→ **TASK PROMPT**
Would you retype the entries from the first line to the line bearing "1.长篇小说。俄国陀思妥耶夫", both included, leaving out every picture?

→ **INFORMATION SHOWN**
• • • • •

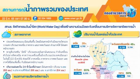 สรุปสถานการณ์น้ำภาพรวมของประเทศ วันที่ 22 มี.ค. 65
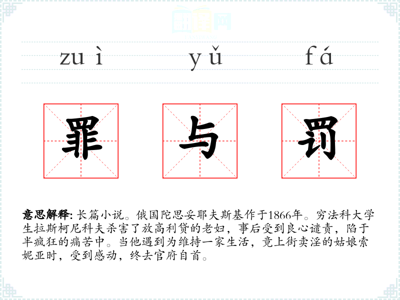 1.长篇小说。俄国陀思妥耶夫斯基作于1866年。穷法科大学生拉斯柯尼科夫杀害了放高利贷的老妇,事后受到良心谴责,陷于半疯狂的痛苦中。当他遇到为维持一家生活,竟上街卖淫的姑娘索妮亚时,受到感动,终去官府自首。
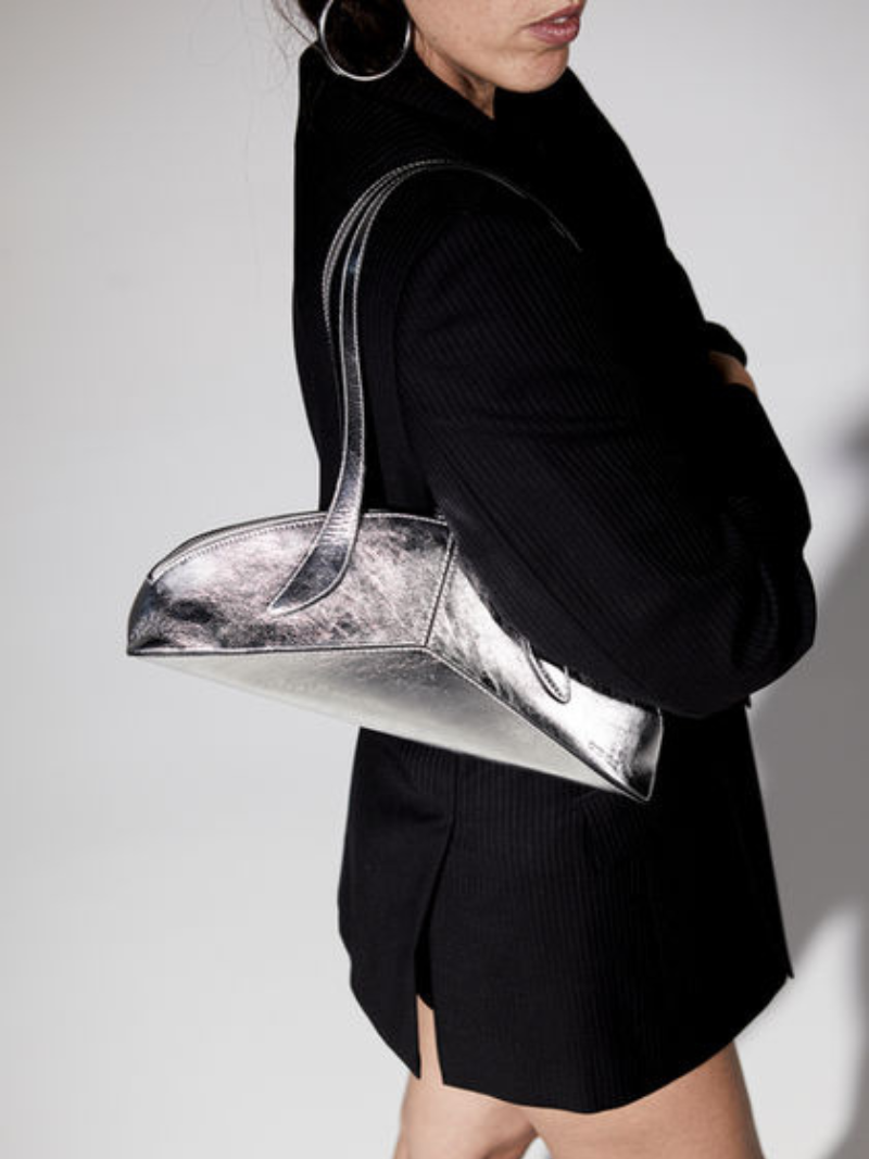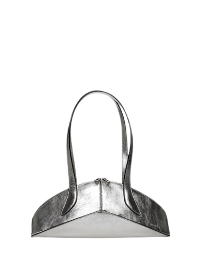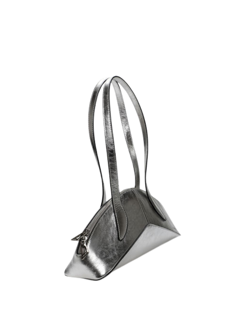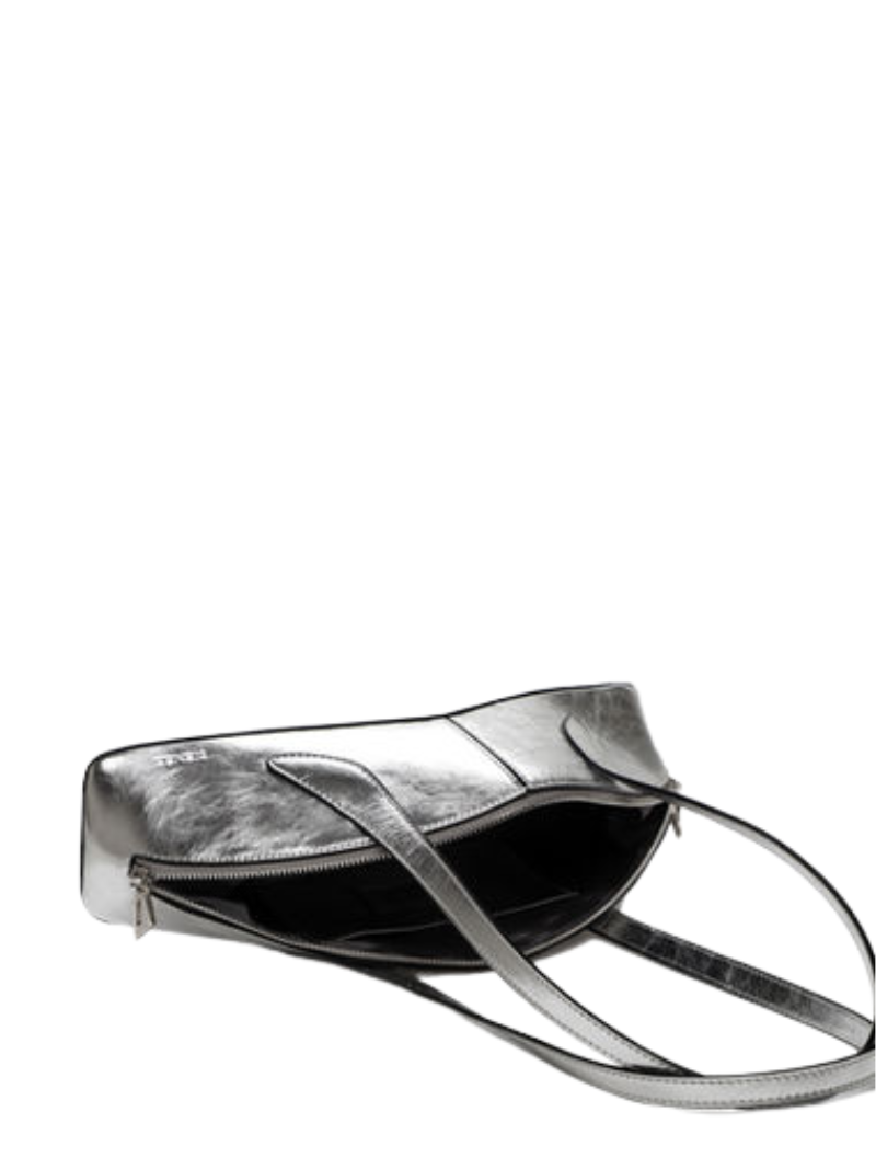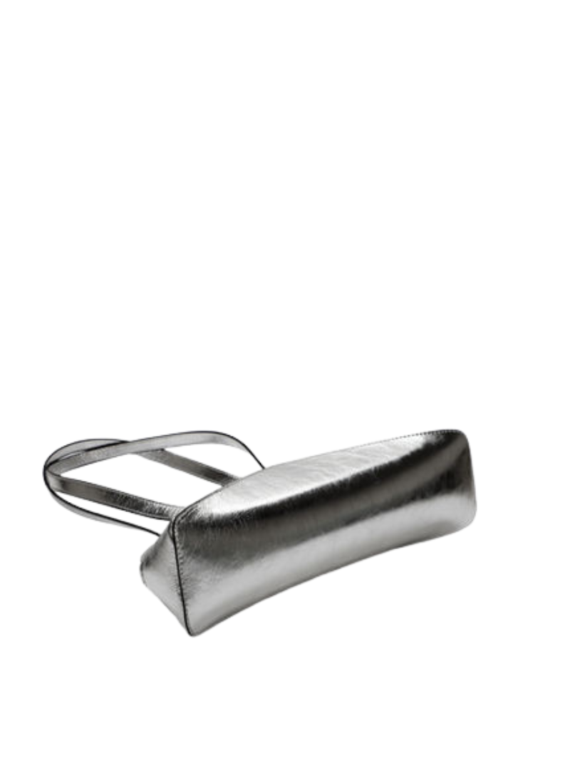 El bolso Arco plateado es una pieza de diseño contemporáneo elaborada en piel auténtica con acabado arrugado, que aporta textura, carácter y un aire sofisticado a cualquier look. Su silueta curvada y estructurada, inspirada en líneas arquitectónicas, lo convierte en un accesorio único y llamativo.
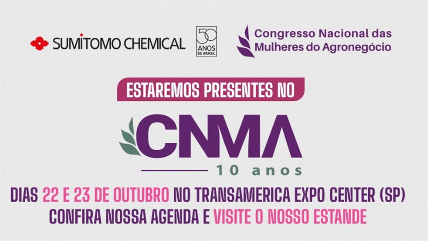 A Sumitomo Chemical está presente na 10ª edição do Congresso Nacional das Mulheres do Agronegócio (CNMA) com a iniciativa “Diálogos Mulheres do Agro”, que acontece nos dias 22 e 23 de outubro, no Transamérica Expo Center, em São Paulo (SP). A companhia japonesa, com mais de 110 anos de atuação global e referência em pesquisa e desenvolvimento de soluções para a agricultura e a pecuária, comemora em 2025 meio século de atividades no Brasil. Ela também é patrocinadora do CNMA.
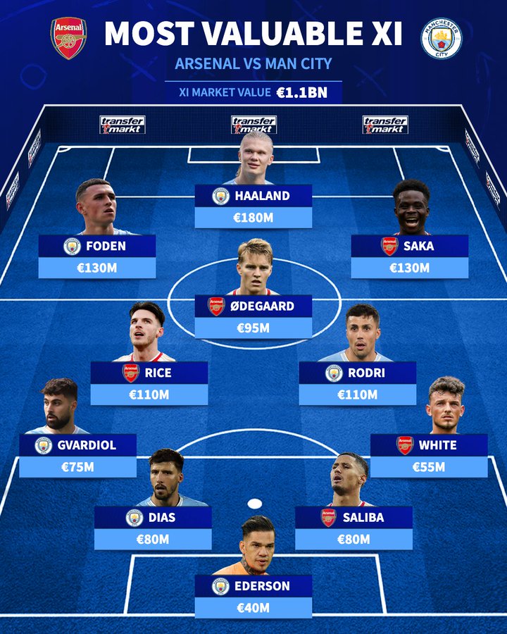 03月31日讯 北京时间今天晚上23点30分,曼城将在英超第30轮比赛中主场对阵阿森纳。赛前,德转列出两队的最贵11人阵容,哈兰德1.8亿欧领衔。

• • • • •

→ **RESPONSE FOR THIS EXERCISE**
 สรุปสถานการณ์น้ำภาพรวมของประเทศ วันที่ 22 มี.ค. 65
 1.长篇小说。俄国陀思妥耶夫斯基作于1866年。穷法科大学生拉斯柯尼科夫杀害了放高利贷的老妇,事后受到良心谴责,陷于半疯狂的痛苦中。当他遇到为维持一家生活,竟上街卖淫的姑娘索妮亚时,受到感动,终去官府自首。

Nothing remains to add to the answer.